The population from the dataset broken down into 6 seperate sample groups. It helps us to proceed to gain in-depth insights by manipulating descriptive statistics, comparative analysis, and hypothesis testing. These in-depth insights and examples aim to guide further analysis of the dataset, enabling a comprehensive understanding of the population and the characteristics exhibited by each sample.


b. TASK 2

Tabular presentation of the statistics (mean, median, standard deviation) of the Population and Sample 1

#creating object for the statistics of population
mean_population <- mean(M3_Project_dataset$Population)
median_population <- median(M3_Project_dataset$Population)
sd_population <- sd(M3_Project_dataset$Population)

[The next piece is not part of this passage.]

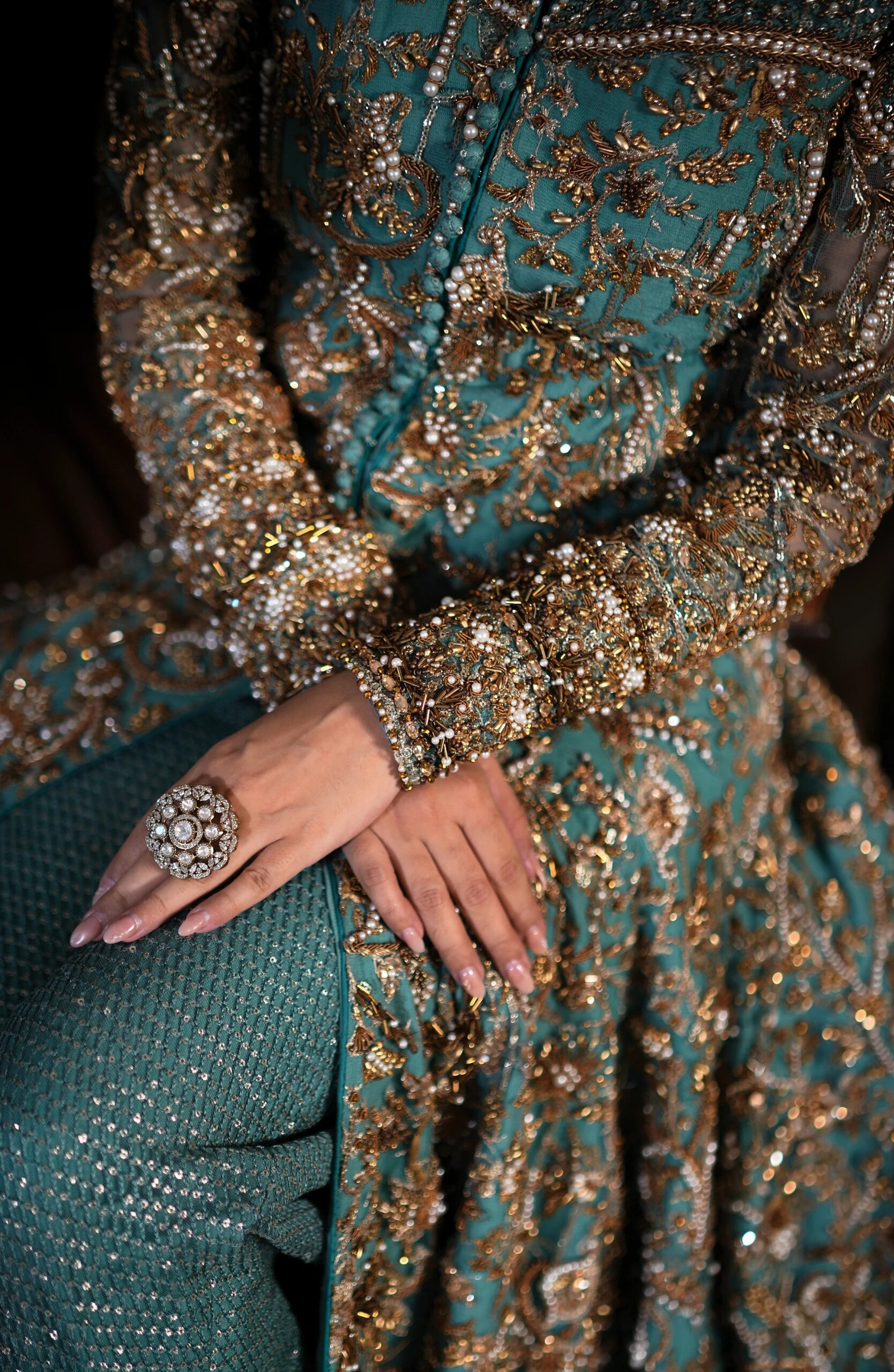 This long front-open gown is styled in a serene Tiffany blue shade, offering a refined and ethereal presence. Crafted from premium fabric, the silhouette features meticulously arranged embellishment that blends geometric precision with soft floral artistry. The hand-applied detailing enhances depth and structure, giving the gown a luxurious finish suitable for formal and bridal occasions.

#creating object for the statistics of sample 1
mean_sample1 <- mean(M3_Project_dataset$`Sample 1`)
mean_sample1 <- mean(M3_Project_dataset$`Sample 1`, na.rm = TRUE)
median_sample1 <- median(M3_Project_dataset$`Sample 1`,na.rm = TRUE)
sd_sample1 <- sd(M3_Project_dataset$`Sample 1`,na.rm = TRUE)

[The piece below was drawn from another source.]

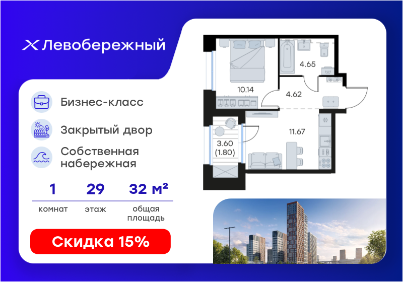 В продаже 1-комнатная квартира в новостройке жилого комплекса "Левобережный" на 29 этаже, общая площадь32,88 м.кв., кухня 11,67 м.кв. Жилой комплекс располагается по адресу Воротынская улица , д. 2. Стоимость данной квартиры составляет 8 139 999 рублей. На нашем сайте DOMEX, Вы можете оставить бесплатную on-line заявку на это предложение и с Вами свяжется напрямую застройщик.

#creating object to name columns and rows
columnname <- c("Population", "Sample 1")
rowname <- c("Mean", "Median", "Standard Deviation")

#creating vector for the parameters of the table
stats_population_sample1_vector = matrix(c(mean_population, mean_sample1, median_population, median_sample1, sd_population, sd_sample1), nrow = 3, byrow = TRUE)

#creating matrix
stats_population_sample1_table <- matrix(stats_population_sample1_vector, ncol = 2, dimnames = list(rowname, columnname))

#using kable function to format the table
kable(stats_population_sample1_table, "html", digits = 2, align = "c") %>%
  kable_styling(bootstrap_options = "responsive", latex_options = "hold_position", full_width = FALSE, table.envir = "table", protect_latex = TRUE)
Population Sample 1
Mean 1.05 1.03
Median 0.90 0.87
Standard Deviation 0.94 0.92


Observation:

    The provided data reveals slight differences between the population and Sample 1. While the mean of Sample 1 is slightly lower than that of the entire population (1.03 vs. 1.05), the median values are closely aligned (0.87 for Sample 1 and 0.90 for the population), suggesting a relatively symmetric distribution. The standard deviation for Sample 1 (0.92) is marginally lower than that of the population (0.94), indicating slightly less variability in the values of Sample 1.
    Overall, these modest discrepancies suggest that Sample 1 is generally representative of the population, with central tendencies and dispersion characteristics that align closely with the larger dataset. Further statistical tests and visualizations could provide a more comprehensive assessment of the significance of these differences and the overall distribution of values in both the population and Sample 1.


c. TASK 3

Applying Sample 1 size 160, formulating confidence intervals for the ‘Sample 1’ mean and checking ‘Population Mean’ within the confidence intervals

#creating object for sample1 size
n=160

#finding z scores, margin of errors, upper limit, lower limit, CI width of sample1
znegative = (mean_sample1 - mean_population) / (sd_population/sqrt(n))
zpositive = (mean_sample1 + mean_population) / (sd_population/sqrt(n))
E_znegative = znegative * sd_population/sqrt(n)
E_zpositive = zpositive * sd_population/sqrt(n)
LL_sample1 = mean_sample1 - E_zpositive
UL_sample1 = mean_sample1 + E_zpositive
CIsample1_width = UL_sample1-LL_sample1

#finding z scores, margin of errors, upper limit, lower limit, CI width of sample1 at 90%, 96%, and 99% confidence intervals

CL90 = 0.90
alpha90 = 1-CL90
alpha90_2 = alpha90/2
Zright90 = qnorm(alpha90_2+CL90)
Zleft90 = qnorm(alpha90_2)
E90 = Zright90 * (mean_sample1/sqrt(n))
LL90 = mean_sample1 - E90
UL90 = mean_sample1 + E90
CI90_width = UL90-LL90

CL96 = 0.96
alpha96 = 1-CL96
alpha96_2 = alpha96/2
Zright96 = qnorm(alpha96_2+CL96)
Zleft96 = qnorm(alpha96_2)
E96 = Zright96 * (mean_sample1/sqrt(n))
LL96 = mean_sample1 - E96
UL96 = mean_sample1 + E96
CI96_width = UL96-LL96

CL99 = 0.99
alpha99 = 1-CL99
alpha99_2 = alpha99/2
Zright99 = qnorm(alpha99_2+CL99)
Zleft99 = qnorm(alpha99_2)
E99 = Zright99 * (mean_sample1/sqrt(n))
LL99 = mean_sample1 - E99
UL99 = mean_sample1 + E99
CI99_width = UL99-LL99

#creating objects to name columns and rows
colnames_sample1 = c("Values w.r.t Sample Mean","CL 90%", "CL 96%", "CL 99%")
row_names_sample1 = c("Margin of Error", "Z neg Value", "Z pos Value", "Upper CL", "Lower CL", "Conf Interval Width")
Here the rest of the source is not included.